Крестьянин и тинейджер (сборник)
Шрифт:
Он опустился в тень куста боярышника, из которой вытекала на бетон длинная тень сосны. Связка ключей оттягивала руку. Сан Саныч принялся вертеть ее в руке, держа за гробик, перечисляя мысленно последствия того, что натворил. Машину не открыть, не завести и не уехать. Идти на берег, рассказать все, что случилось, увидеть лица и услышать, что услышать.

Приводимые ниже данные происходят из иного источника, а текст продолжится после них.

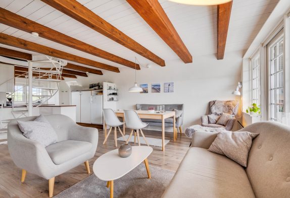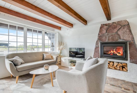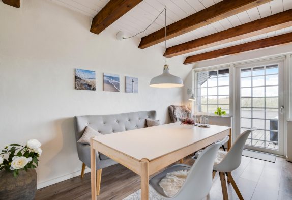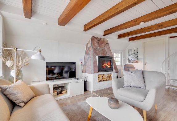 Et rigtig dejligt og smagfuldt indrettet sommerhus i 2 plan, som er renoveret med sans for detaljerne i 2021. Køkkenet står i åben forbindelse med den hyggelige stue. Her finder I bl.a. husets flotte, indbyggede brændeovn, som giver både hygge og dejlig varme. Stuen er smagfuldt indrettet. Her er fladskærms-TV, DVD og gratis trådløst internet. Det renoverede badeværelse har bruseniche, vaskemaskine og gulvvarme. Ovenpå er husets 2 soveværelser, begge med gulvtæppe, skrå vægge og synlige bjælker. Det ene soveværelse har 2 enkeltsenge og det andet har en dobbeltseng samt udgang til altan. Som et ekstra plus har Tingodden 108 også en energibesparende varmepumpe.

Весь план по теме накрывается, а что потом — и не представить. Сан Саныч прекратил вертеть связку ключей, и мысль его остановилась. Он продолжал сидеть в тени куста, бездумно глядя на бетон, пока не обратил внимание на то, что тень сосны подобно стрелке солнечных часов успела отползти далеко вправо. «Должно быть, озверели меня ждать, — подумалось Сан Санычу. — И что мне теперь делать?.. Давай, брат, по
Он задумался. Потом подбросил связку на ладони, еще подбросил и еще, и вслух сказал себе: «Они, во-первых, мне не одноклассники. Они мне вообще никто. И я тут не обязан все выслушивать неизвестно от кого».
Он гордо встал и с радостью почувствовал: вернулась в ноги сила. К шлагбауму подошел другой охранник; оба охранника достали сигареты и задымили, на Сан Саныча не глядя.
Сан Саныч кинул связку в глубь куста и припустил к дороге, торопясь и не оглядываясь.
Потом шагал упруго по асфальту, пока не вышел к магазину. Спросил у мужиков, сидящих на крылечке магазина, как проще выбраться в Москву, и те направили его к пансионату.
…Прошло чуть больше часа, как его послали за вином, а он уже сходил с мытищинской маршрутки, уже бежал в распаренной толпе к платформам и все вращал, подобно птице, головой, ища глазами расписание движения электропоездов.
«ПАЗ», переваливаясь на колдобинах, проехал поворот на пансионат.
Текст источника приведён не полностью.